Give the records again word for word. Leave every picture out.

══════════

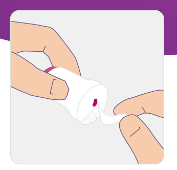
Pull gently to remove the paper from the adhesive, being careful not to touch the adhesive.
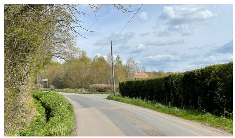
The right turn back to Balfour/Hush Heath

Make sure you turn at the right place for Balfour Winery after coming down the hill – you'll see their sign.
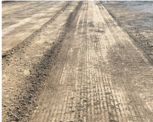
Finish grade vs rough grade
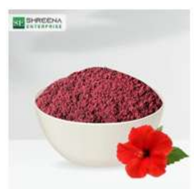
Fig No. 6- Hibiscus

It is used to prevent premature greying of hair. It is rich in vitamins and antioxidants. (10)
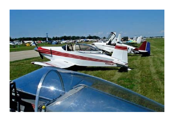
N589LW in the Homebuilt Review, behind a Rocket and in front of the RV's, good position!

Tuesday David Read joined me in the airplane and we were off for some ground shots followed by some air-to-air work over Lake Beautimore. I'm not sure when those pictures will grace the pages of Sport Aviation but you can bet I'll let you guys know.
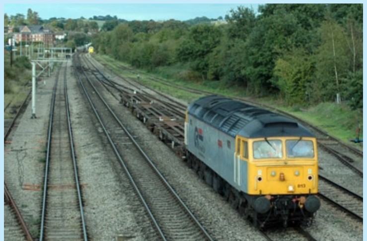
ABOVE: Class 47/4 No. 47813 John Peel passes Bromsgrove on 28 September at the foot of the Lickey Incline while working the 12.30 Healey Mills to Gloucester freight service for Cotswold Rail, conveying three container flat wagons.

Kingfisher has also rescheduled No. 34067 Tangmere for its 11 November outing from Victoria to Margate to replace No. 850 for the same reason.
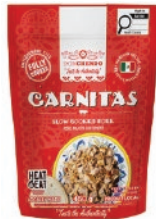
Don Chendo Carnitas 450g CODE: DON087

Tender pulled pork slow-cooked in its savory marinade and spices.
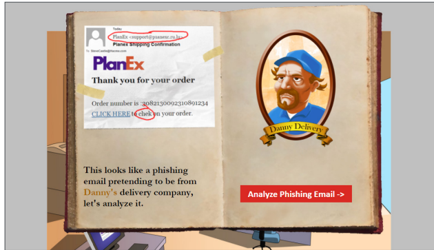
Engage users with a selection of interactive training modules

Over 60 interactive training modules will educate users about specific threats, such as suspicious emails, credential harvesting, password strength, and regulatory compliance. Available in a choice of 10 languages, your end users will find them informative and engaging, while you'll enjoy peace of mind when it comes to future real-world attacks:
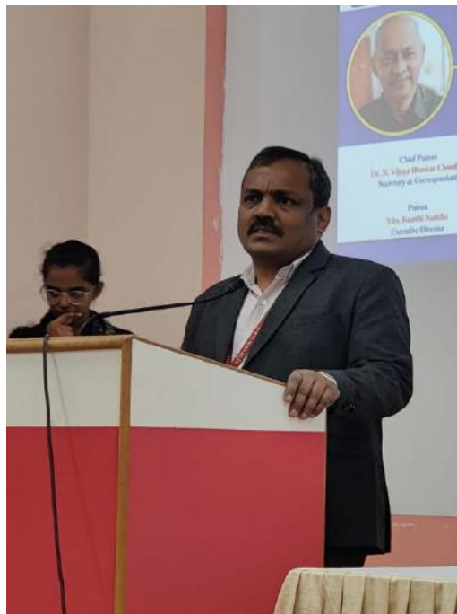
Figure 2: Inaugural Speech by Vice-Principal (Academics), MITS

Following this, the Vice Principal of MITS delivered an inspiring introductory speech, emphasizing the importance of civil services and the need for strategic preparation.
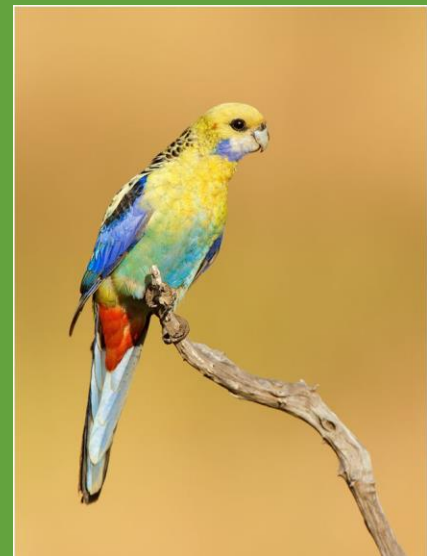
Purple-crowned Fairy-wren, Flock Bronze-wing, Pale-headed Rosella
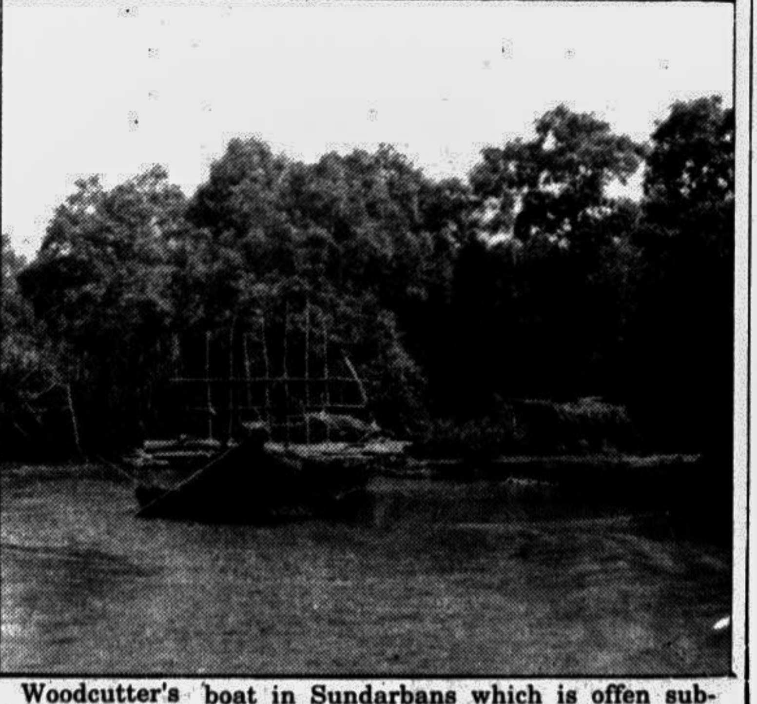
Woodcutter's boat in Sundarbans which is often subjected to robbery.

══════════

▶ [Response to this task]:
Pull gently to remove the paper from the adhesive, being careful not to touch the adhesive.
The right turn back to Balfour/Hush Heath

Make sure you turn at the right place for Balfour Winery after coming down the hill – you'll see their sign.
Finish grade vs rough grade
Fig No. 6- Hibiscus

It is used to prevent premature greying of hair. It is rich in vitamins and antioxidants. (10)
N589LW in the Homebuilt Review, behind a Rocket and in front of the RV's, good position!

Tuesday David Read joined me in the airplane and we were off for some ground shots followed by some air-to-air work over Lake Beautimore. I'm not sure when those pictures will grace the pages of Sport Aviation but you can bet I'll let you guys know.
ABOVE: Class 47/4 No. 47813 John Peel passes Bromsgrove on 28 September at the foot of the Lickey Incline while working the 12.30 Healey Mills to Gloucester freight service for Cotswold Rail, conveying three container flat wagons.

Kingfisher has also rescheduled No. 34067 Tangmere for its 11 November outing from Victoria to Margate to replace No. 850 for the same reason.
Don Chendo Carnitas 450g CODE: DON087

Tender pulled pork slow-cooked in its savory marinade and spices.
Engage users with a selection of interactive training modules

Over 60 interactive training modules will educate users about specific threats, such as suspicious emails, credential harvesting, password strength, and regulatory compliance. Available in a choice of 10 languages, your end users will find them informative and engaging, while you'll enjoy peace of mind when it comes to future real-world attacks:
Figure 2: Inaugural Speech by Vice-Principal (Academics), MITS

Following this, the Vice Principal of MITS delivered an inspiring introductory speech, emphasizing the importance of civil services and the need for strategic preparation.
Purple-crowned Fairy-wren, Flock Bronze-wing, Pale-headed Rosella
Woodcutter's boat in Sundarbans which is often subjected to robbery.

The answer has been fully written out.